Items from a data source
* * *
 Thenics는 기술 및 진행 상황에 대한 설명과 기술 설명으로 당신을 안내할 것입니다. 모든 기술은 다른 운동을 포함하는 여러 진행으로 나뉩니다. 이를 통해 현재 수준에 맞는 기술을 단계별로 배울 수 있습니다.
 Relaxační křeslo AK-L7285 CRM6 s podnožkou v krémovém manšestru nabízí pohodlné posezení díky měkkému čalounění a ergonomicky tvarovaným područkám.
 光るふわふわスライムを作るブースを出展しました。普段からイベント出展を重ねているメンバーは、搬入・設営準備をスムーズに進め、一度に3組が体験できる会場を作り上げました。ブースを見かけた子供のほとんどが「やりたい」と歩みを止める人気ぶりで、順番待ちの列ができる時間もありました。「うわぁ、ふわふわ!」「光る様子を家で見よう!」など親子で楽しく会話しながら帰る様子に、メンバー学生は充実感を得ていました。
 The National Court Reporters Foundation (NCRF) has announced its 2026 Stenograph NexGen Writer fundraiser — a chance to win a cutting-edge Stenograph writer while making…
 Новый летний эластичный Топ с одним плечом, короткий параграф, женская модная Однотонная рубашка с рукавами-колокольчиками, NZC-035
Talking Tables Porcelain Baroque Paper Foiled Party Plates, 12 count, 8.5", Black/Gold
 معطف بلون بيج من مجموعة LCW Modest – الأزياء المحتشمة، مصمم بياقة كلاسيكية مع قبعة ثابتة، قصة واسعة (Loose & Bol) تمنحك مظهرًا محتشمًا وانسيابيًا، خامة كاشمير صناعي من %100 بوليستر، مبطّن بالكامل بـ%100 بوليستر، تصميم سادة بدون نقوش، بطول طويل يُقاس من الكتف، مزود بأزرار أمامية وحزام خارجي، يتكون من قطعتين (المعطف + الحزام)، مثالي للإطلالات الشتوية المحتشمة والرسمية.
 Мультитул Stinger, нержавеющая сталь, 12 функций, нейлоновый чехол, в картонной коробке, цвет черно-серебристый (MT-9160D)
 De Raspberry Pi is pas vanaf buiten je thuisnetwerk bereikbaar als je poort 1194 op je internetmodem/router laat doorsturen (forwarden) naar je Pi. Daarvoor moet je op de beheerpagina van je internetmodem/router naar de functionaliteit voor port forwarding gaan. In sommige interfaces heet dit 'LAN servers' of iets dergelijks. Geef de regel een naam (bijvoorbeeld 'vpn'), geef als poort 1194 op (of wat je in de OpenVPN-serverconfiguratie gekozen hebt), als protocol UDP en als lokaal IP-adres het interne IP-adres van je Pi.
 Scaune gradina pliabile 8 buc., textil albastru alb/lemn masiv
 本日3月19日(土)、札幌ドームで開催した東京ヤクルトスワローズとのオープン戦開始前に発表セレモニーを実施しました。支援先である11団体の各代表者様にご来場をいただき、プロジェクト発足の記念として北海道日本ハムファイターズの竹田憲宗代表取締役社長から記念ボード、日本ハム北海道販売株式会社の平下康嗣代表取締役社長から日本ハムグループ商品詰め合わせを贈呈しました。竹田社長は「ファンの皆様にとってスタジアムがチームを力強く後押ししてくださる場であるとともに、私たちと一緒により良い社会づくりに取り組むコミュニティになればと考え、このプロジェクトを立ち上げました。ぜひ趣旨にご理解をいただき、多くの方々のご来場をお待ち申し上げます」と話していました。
* * *
*Aim of the exercise*:
Could you transcribe all of the entries exactly, leaving nothing out?

*Result of the task*:
 Thenics는 기술 및 진행 상황에 대한 설명과 기술 설명으로 당신을 안내할 것입니다. 모든 기술은 다른 운동을 포함하는 여러 진행으로 나뉩니다. 이를 통해 현재 수준에 맞는 기술을 단계별로 배울 수 있습니다.
 Relaxační křeslo AK-L7285 CRM6 s podnožkou v krémovém manšestru nabízí pohodlné posezení díky měkkému čalounění a ergonomicky tvarovaným područkám.
 光るふわふわスライムを作るブースを出展しました。普段からイベント出展を重ねているメンバーは、搬入・設営準備をスムーズに進め、一度に3組が体験できる会場を作り上げました。ブースを見かけた子供のほとんどが「やりたい」と歩みを止める人気ぶりで、順番待ちの列ができる時間もありました。「うわぁ、ふわふわ!」「光る様子を家で見よう!」など親子で楽しく会話しながら帰る様子に、メンバー学生は充実感を得ていました。
 The National Court Reporters Foundation (NCRF) has announced its 2026 Stenograph NexGen Writer fundraiser — a chance to win a cutting-edge Stenograph writer while making…
 Новый летний эластичный Топ с одним плечом, короткий параграф, женская модная Однотонная рубашка с рукавами-колокольчиками, NZC-035
Talking Tables Porcelain Baroque Paper Foiled Party Plates, 12 count, 8.5", Black/Gold
 معطف بلون بيج من مجموعة LCW Modest – الأزياء المحتشمة، مصمم بياقة كلاسيكية مع قبعة ثابتة، قصة واسعة (Loose & Bol) تمنحك مظهرًا محتشمًا وانسيابيًا، خامة كاشمير صناعي من %100 بوليستر، مبطّن بالكامل بـ%100 بوليستر، تصميم سادة بدون نقوش، بطول طويل يُقاس من الكتف، مزود بأزرار أمامية وحزام خارجي، يتكون من قطعتين (المعطف + الحزام)، مثالي للإطلالات الشتوية المحتشمة والرسمية.
 Мультитул Stinger, нержавеющая сталь, 12 функций, нейлоновый чехол, в картонной коробке, цвет черно-серебристый (MT-9160D)
 De Raspberry Pi is pas vanaf buiten je thuisnetwerk bereikbaar als je poort 1194 op je internetmodem/router laat doorsturen (forwarden) naar je Pi. Daarvoor moet je op de beheerpagina van je internetmodem/router naar de functionaliteit voor port forwarding gaan. In sommige interfaces heet dit 'LAN servers' of iets dergelijks. Geef de regel een naam (bijvoorbeeld 'vpn'), geef als poort 1194 op (of wat je in de OpenVPN-serverconfiguratie gekozen hebt), als protocol UDP en als lokaal IP-adres het interne IP-adres van je Pi.
 Scaune gradina pliabile 8 buc., textil albastru alb/lemn masiv
 本日3月19日(土)、札幌ドームで開催した東京ヤクルトスワローズとのオープン戦開始前に発表セレモニーを実施しました。支援先である11団体の各代表者様にご来場をいただき、プロジェクト発足の記念として北海道日本ハムファイターズの竹田憲宗代表取締役社長から記念ボード、日本ハム北海道販売株式会社の平下康嗣代表取締役社長から日本ハムグループ商品詰め合わせを贈呈しました。竹田社長は「ファンの皆様にとってスタジアムがチームを力強く後押ししてくださる場であるとともに、私たちと一緒により良い社会づくりに取り組むコミュニティになればと考え、このプロジェクトを立ち上げました。ぜひ趣旨にご理解をいただき、多くの方々のご来場をお待ち申し上げます」と話していました。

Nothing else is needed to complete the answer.